Schangnau is first mentioned in 1306 as Schoengowe.

By the 14th century the Ministerialis (unfree knights in the service of a feudal overlord) family of Sumiswald, in service to the Kyburgs, owned most of the village. Between 1363 and 1389 they sold their land and rights to the local nobleman Jost von Wald. His descendants sold the village to the city of Bern in 1420. By the second half of the 15th century both Bern and Lucerne claimed the village as they attempted to expand their borders to the detriment of the other. In 1470 a border treaty established Bernese ownership over Schangnau.

Originally Schangnau and the nearby village of Marbach, today a part of Escholzmatt-Marbach in the Canton of Lucerne, formed part of the parish of Trub. In 1524 the two villages broke away from Trub to form the parish of Marbach-Schangnau. A few years later, in 1528, Bern adopted the new faith of the Protestant Reformation and the village converted. A Reformed church was built in Schangnau in 1536 and in 1594 it separated from Marbach to form a parish.
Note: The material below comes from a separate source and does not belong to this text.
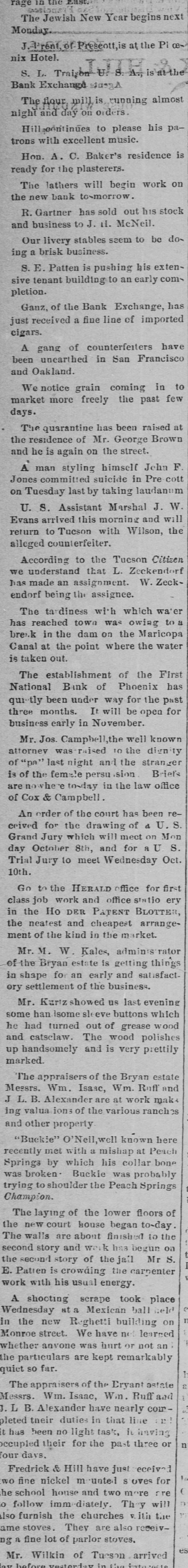The Jewish New Year begins next Monday J.Prent of Preseott,is at the Pl cen nix Hotel. S. L. Trais A., is the Bank Exchange WassA The flour mill is running almost night and day on orders. to please his patrons with excellent music. Hon. A. C. Baker's residence is ready for the plasterers. The lathers will begin work on the new bank to-morrow. R. Gartner has sold out his stock and business to J. 11. McNeil. Our livery stables seem to be dos ing a brisk business. S. E. Patten is pushing his extensive tenant building to an early coms pletion. Ganz, of the Bank Exchange, has just received a fine line of imported cigars. A gang of counterfeiters have been unearthed in San Francisco and Oakland. We notice grain coming in to market more freely the past few days. The quarantine has been raised at the residence of Mr. George Brown and he is again on the street. A man styling himself John F. Jones committed suicide in Pre cott on Tuesday last by taking laudanum U. S. Assistant Marshal J. W. Evans arrived this morning and will return to Tucson with Wilson, the alleged counterfeiter. According to the Tucson Citizen we understand that L. Zeckendorf has made an assignment. W. Zeckendorf being the assignee. The tardiness with which wa'er has reached town was owing to a break in the dam on the Maricopa Canal at the point where the water is taken out. The establishment of the First National Bank of Phoenix has qui-tly been under way for the past three months. It will be open for business early in November. Mr. Jos. Campbell,the well known attorney waseraised 10 the dignity of "pa" last night and the stran_er is of the female persu sion Briefs arenowhere tosday in the law office of Cox & Campbell. An order of the court has been received for the drawing of d U. S. Grand Jury which will meet on Mon day October 8th, and for a U S. Trial Jury to meet Wednesday Oct. 10th. Go to the HERALD office for first class job work and office statio ery in the Ho DER PATENT BLOTTER, the neatest and cheapest arrangement of the kind in the market. Mr. M. W. Kales, adminis rator of the Bryan estate is getting things in shape for an early and satisfact. ory settlement of the business. Mr. Kuriz showed us last evening some han Isome sle eve buttons which he had turned out of grease wood and catsclaw. The wood polishes up handsomely and is very prettily marked. The appraisers of the Bryan estate Messrs. Wm. Isaac, Wm. Ruff and J L. B. Alexander are at work maks ing valua ions of the various ranches and other property "Buckie" O'Neil,well known here recently met with a mishap at Peach Springs by which his collar bone was broken Buckie was probably trying to shoulder the Peach Springs Champion. The laying of the lower floors of the new court house began to-day. The walls are about finished to the second story and work has begun on the second story of the jail Mr S. E. Patien is crowding the carpenter work with his usual energy. A shooting scrape took place e Wednesday at a Mexican ball held n in the new Reghetti building on Monroe street. We have not learned whether anvone was hurt or not an the particulars are kept remarkably quiet so far. 1: The appraisers of the Eryant estate a Messrs. Wm. Isaac, Win. Ruff and J.L B. Alexander have nearly cor pleted their duties in that line has been no light task, it having n occupied their for the past three or four days. Fredrick & Hill have just eceived le wo fine nickel mounted S oves for ( he school house and two more are c follow immediately. They will lso furnish the churches ith the ame stoves. They are also receiva fine lot of parlor stoves, es Mr. Wilkin of Tueson arrived
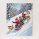 Kids Sledding with Dogs in Snowy Winter Wonderland Jigsaw Puzzle

The village church was replaced with a new building in 1618. In the 17th century, as religious tension increased in Switzerland, Schangnau's location on the border with Catholic Lucerne became important. After the first First War of Villmergen in 1656, Bern made Protestant Schangnau into a market town to offset the nearby Catholic market town of Escholzmatt.

Historically the local economy was based on raising crops on the valley floor, seasonal alpine herding and transporting timber down the Emme River. The Bubenalp alpine meadow appears in a record in 1281, earlier than the village itself. By the 15th century, much of the mountain forest had been cleared to provide pastures for cattle. A small glass factory opened in the village in 1720, but was overshadowed by the larger factory in Entlebuch. Following the 1798 French invasion, Schangnau became part of the Helvetic Republic district of Oberemmental. With the collapse of the Republic and the 1803 Act of Mediation it became part of the Signau district, where it remained until the district was dissolved in 2009.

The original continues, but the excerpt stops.